Por Jorge Bernal Suárez

De la presentación de las imágenes y el culto

 (publicado por primera vez en UltimoTramo.com el  05/10/02)
 

    Hay que tener en cuenta los más diversos factores, en lo que al tratamiento de nuestras imágenes se refiere, si queremos hacer compatible la funcionalidad intrínseca de la obra con una buena conservación preventiva. Existen tres circunstancias fundamentales a la hora de cómo tratar a una imagen: la presentación en su altar o camarín, los traslados y las salidas procesionales.

    A la hora de trasladar las imágenes surge la pregunta: ¿Cómo cogerlas? Debido a malas sujeciones es relativamente común que se ocasionen pérdidas de policromía. Existen , pues, varias situaciones de riesgo, que pasaremos a enumerar:

  1. Desplazamientos: en un año se dan, al menos, tras circunstancias: besamanos, cultos y traslado al paso. Pero tampoco hay que olvidar los Rosarios de la Aurora, Vía-Crucis, salidas extraordinarias, etc. Estos desplazamientos hay que llevarlos a cabo de manera que la imagen sufra lo menos posible. Por norma general se llevan a cabo sin medios técnicos, sujetando a la imagen por el sitio menos apropiado.

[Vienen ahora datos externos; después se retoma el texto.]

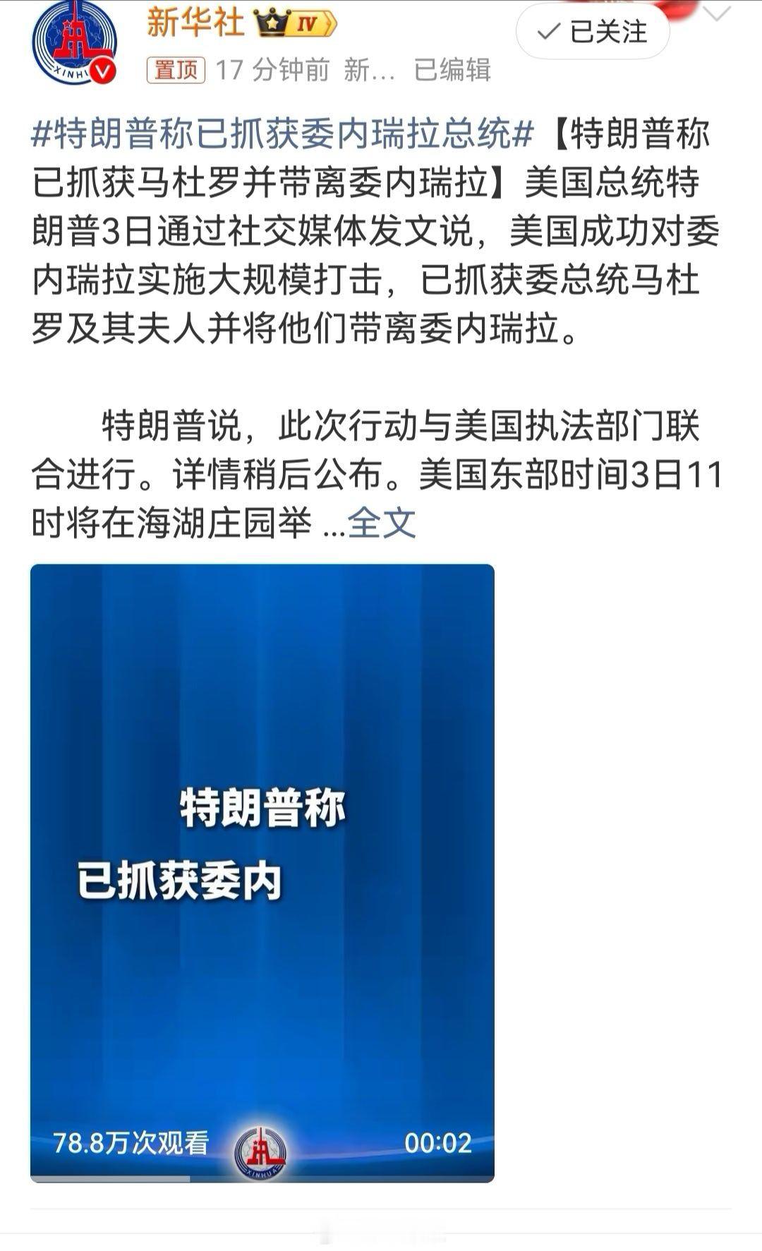 特朗普称已抓获委内瑞拉总统 这事儿有点太夸张了吧,老美可以这样直接抓另一个国家的总统吗?太离谱了吧还有王法吗… 佛山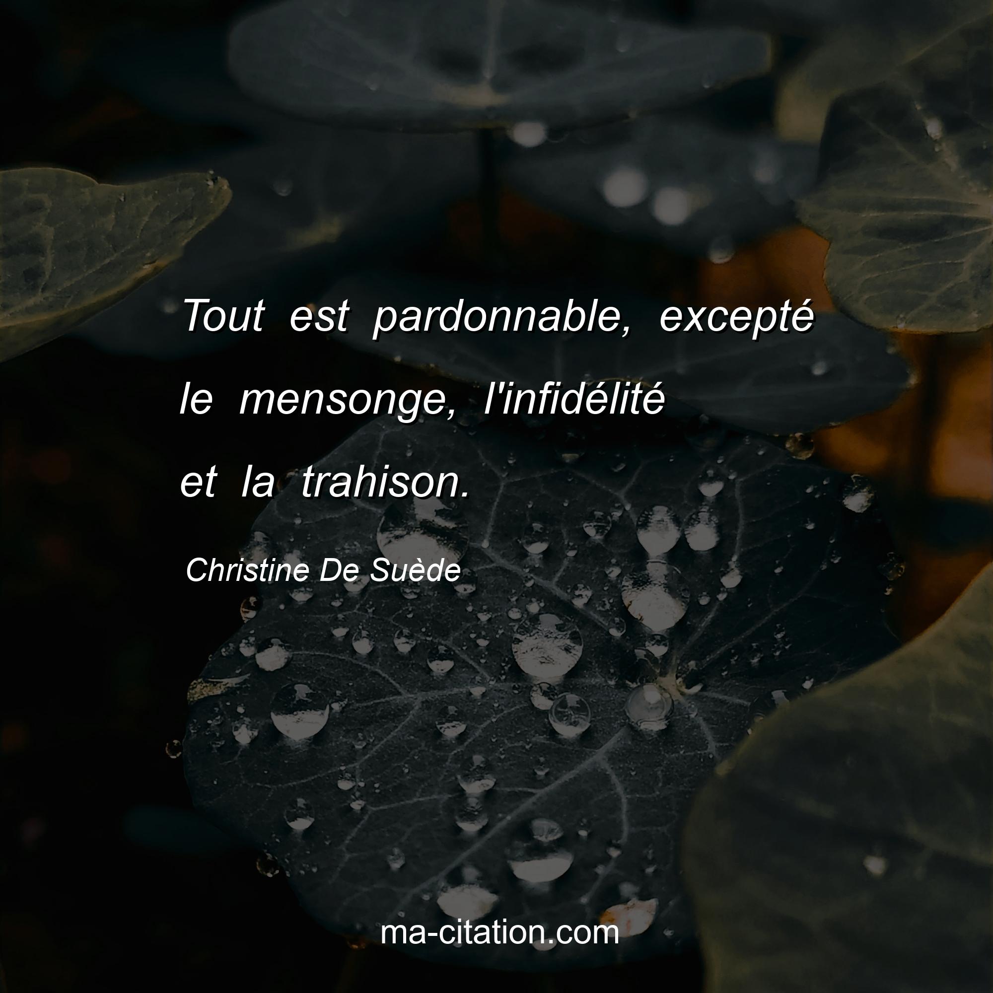 Christine De Suède est l'auteur de la citation sur la vie "Tout est pardonnable, excepté le mensonge, l'infidélité et la trahison.".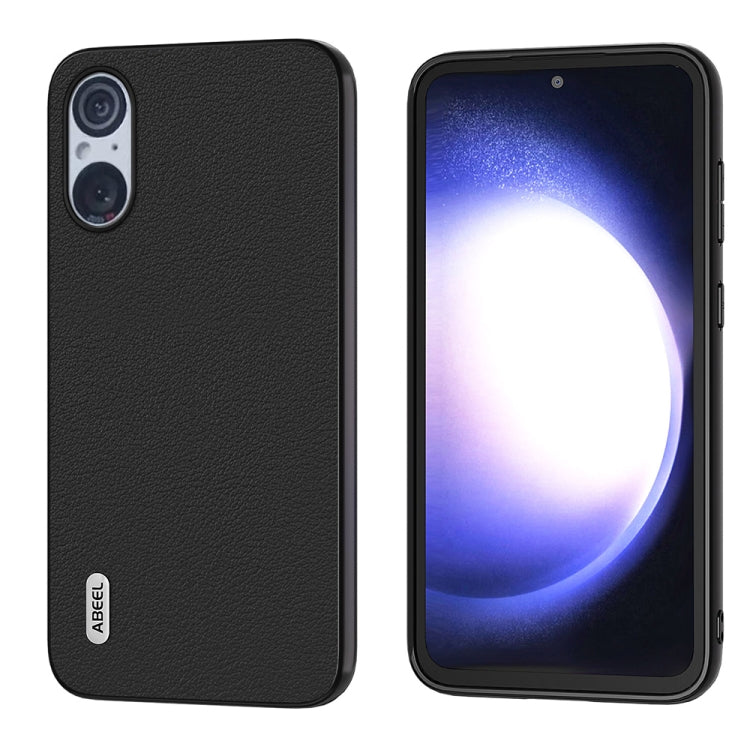 Funda para Sony Xperia 5 V Abeel con Borde Ondulado de Cuero Genuino (Negro)

Un sencillo carrito o una peana con ruedas sería suficiente para garantizar que la imagen sufriría lo mínimo con estos traslados. Pero estas cosas se suelen dejar para última hora, cuando las prisas empiezan a ser malas consejeras.
  2. Vestir y desvestir: hábitos inapropiados podrían dar lugar a importantes alteraciones, tanto a la imagen como a las propias vestiduras. Todo se sujeta metálicamente, mediante alfileres en el mejor de los casos. Cuando observamos a las imágenes despojadas de toda indumentaria podemos observar las lagunas de policromía que suelen existir en frente, sienes, cuello, caderas, etc. También son frecuentes las alteraciones por manipulación. El aflojamiento de tuercas y tornillos evitará que se fuerce la postura de un brazo tirando simplemente de él. Otro ejemplo es el de las coronas que reposan directamente sobre la cabeza de la imagen.
  3. Las modas: los cambios en los gustos dieron lugar a cambios drásticos. Resulta difícil encontrar una imagen en estado original. La gran mayoría han ido sufriendo alteraciones en función de los gustos de la época. Retallados, sustituciones, repintes, repolicromías completas, perdida de soportes originales en tejidos. Más vale una imagen nueva, si es que no gusta, que modificar la actual. Los artistas, con pensamiento artístico, aplican sus propios criterios en las restauraciones que realizan. No están especializados. El mismo respeto que se tiene con una imagen a la hora de unos cultos es el que hay que tener a la hora de una intervención, debiendo ser llevada a cabo siempre por especialistas en la materia de la restauración..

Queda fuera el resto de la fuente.